- Second Battle of Alihuatá: Part of the Chaco War
| Date | 23 October–11 December 1933 |
| Location | Gran Chaco |
| Result | Paraguayan victory |

Belligerents
- Bolivia: Paraguay

Commanders and leaders
- Hans Kundt Carlos Banzer Enrique Peñaranda: José Félix Estigarribia Juan Bautista Ayala Rafael Franco

Strength
- 13,500 men: 27,000 men

Casualties and losses
- 5,000 casualties: 2,500 casualties

= Second Battle of Alihuatá =

The Second Battle of Alihuatá was an engagement between Bolivian and Paraguayan forces during the Chaco War, taking place between late October and early December 1933. In this battle, Paraguayan forces recaptured Fort Alihuatá, lost to Bolivia in the First Battle of Alihuatá, and encircled and captured some of its defenders.
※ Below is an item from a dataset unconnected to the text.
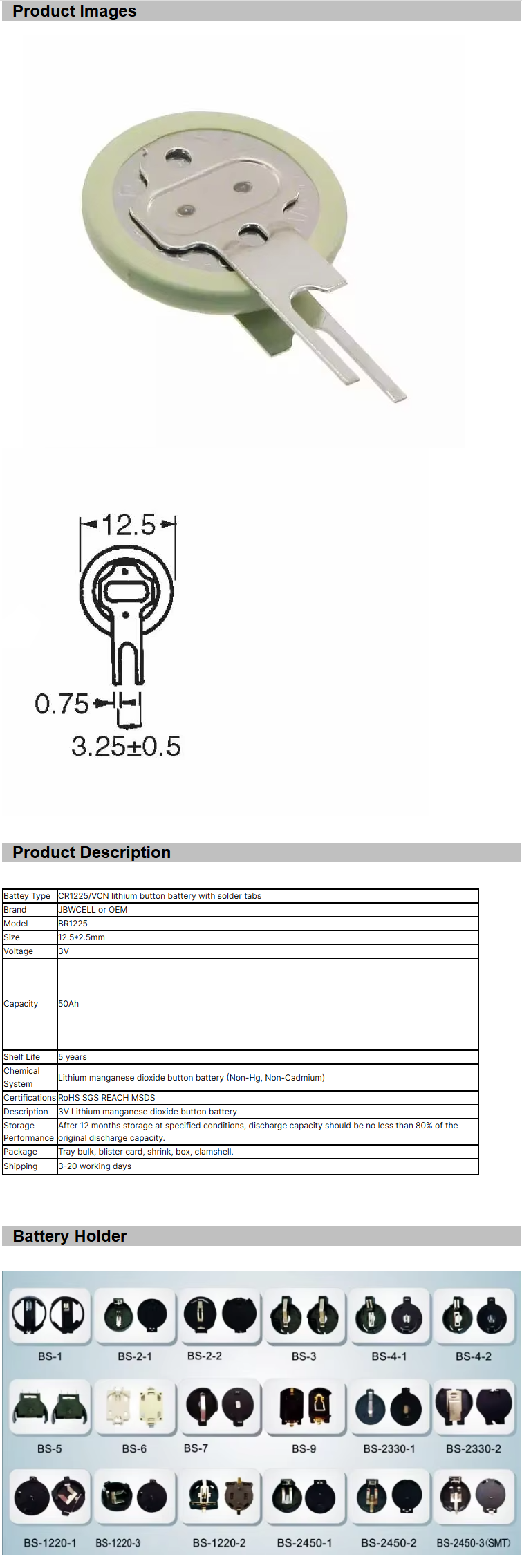 / CR1225/VCN Lithium Button Battery with Solder Tabs CR1225 Battery

It would be followed by the significant Paraguayan victory at Campo Vía, where some of the Bolivian troops defeated in Alihuatá were also encircled and destroyed.

==Background==
On October 3 1933, Paraguayan president Eusebio Ayala visited the Army's headquarters at Isla Po'í to grant overall field commander José Felix Estigarribia his promotion to brigadier general after the victory at Campo Grande, and they took this opportunity to discuss the strategy for the coming months. Estigarribia's intelligence asserted that Bolivian forces were drained and disorganized after their failed attacks at Nanawa and Gondra, and that their numerical and material superiority had waned over the past months. This would allow for them to pass onto the offensive, something Ayala agreed with.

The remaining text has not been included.